Contudo, nem todos são otimistas sobre essa possibilidade, já que essa água é muito mais salgada que os oceanos da Terra.

"É até mais salgada que o lago Don Juan, na Antártida, que é a água líquida mais salgada da Terra", diz o astrobiólogo Chris McKay, do Centro Ames de Pesquisa, da Nasa. "Nada pode viver nela."

Ele aposta que a presença de vida em Marte –se houver– estará em regiões mais frias, menos próximas da zona equatorial, e abrigada no subsolo.

O mesmo afirma o brasileiro Nilton Rennó, pesquisador da Universidade de Michigan (EUA) que trabalhou na missão Phoenix, que pousou perto do polo Norte marciano.

"O problema é que as RSL se formam em lugares muito quentes, onde água líquida evaporaria muito depressa", disse à Folha. "No local da Phoenix [mais frio], a água salgada poderia ser estável."

FUTURO

O próximo passo é tentar identificar se o nível de habitabilidade passado ou presente de fato conduziu ao surgimento da vida.
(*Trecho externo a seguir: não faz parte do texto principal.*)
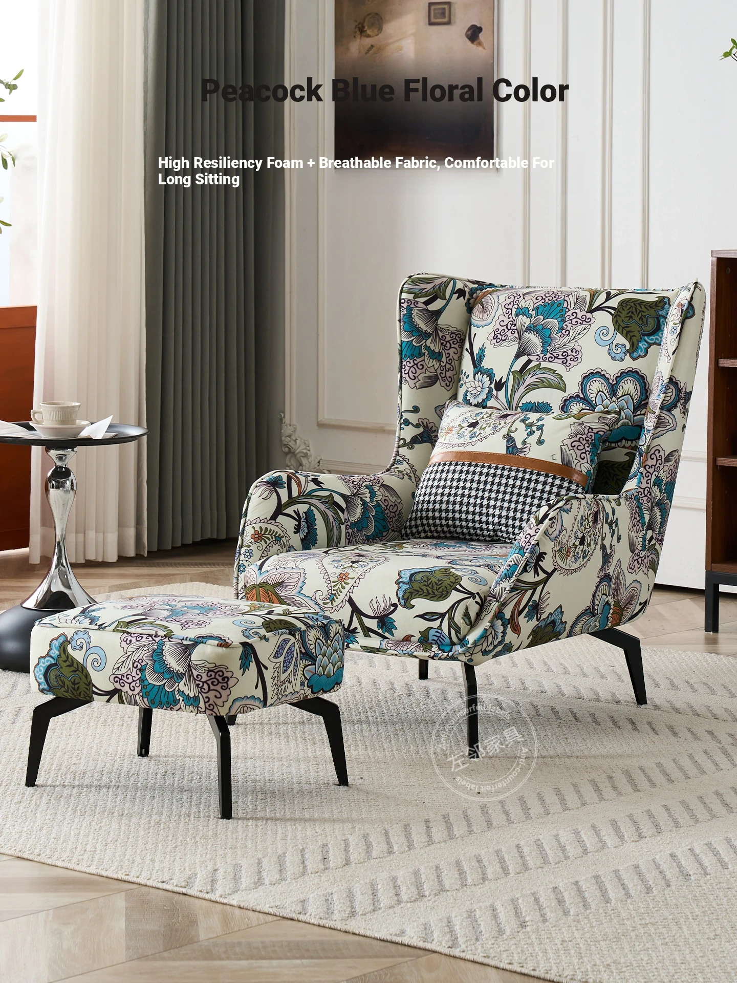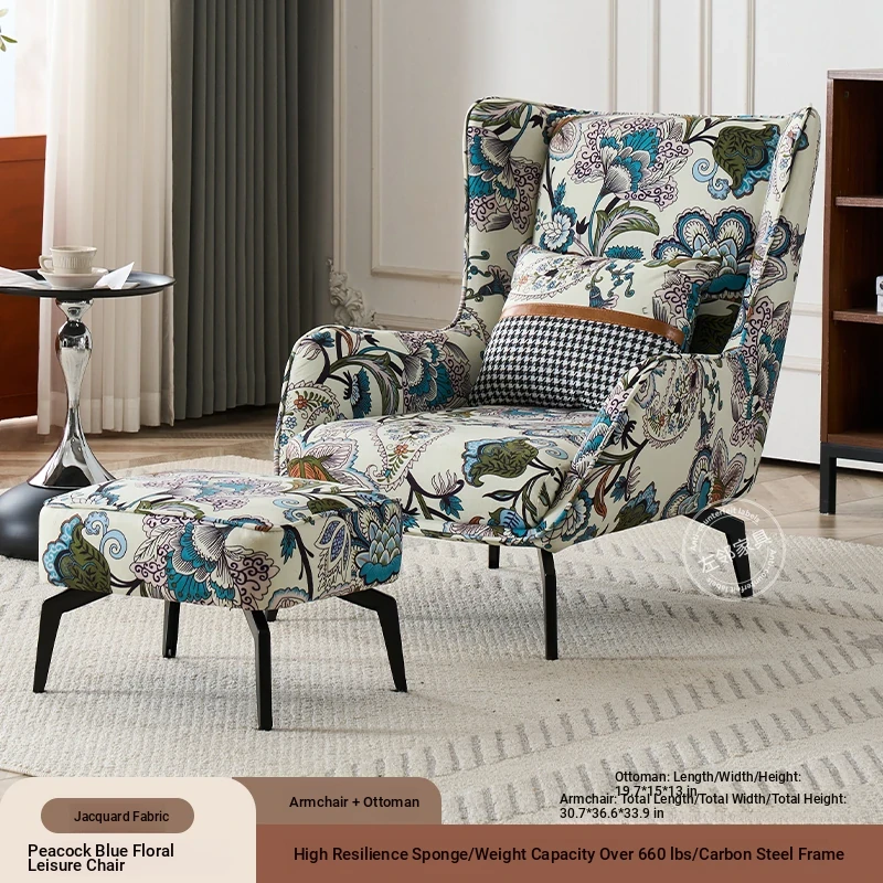 [Single Chair + Footstool] Peacock Blue Flower-Plus Edition Pillow

Para isso, os cientistas da Nasa acreditam que será necessária uma missão de retorno de amostras.

"Provavelmente, só conseguiremos ter certeza sobre a existência de vida em Marte com a análise de amostras em laboratório", afirmou Jim Green, diretor de ciência planetária da agência espacial, durante a entrevista coletiva.

A Nasa planeja, para 2020, um novo jipe para recolher e armazenar amostras, de forma que uma missão futura possa encaminhá-las para a Terra. Mas não há planos concretos para esse resgate.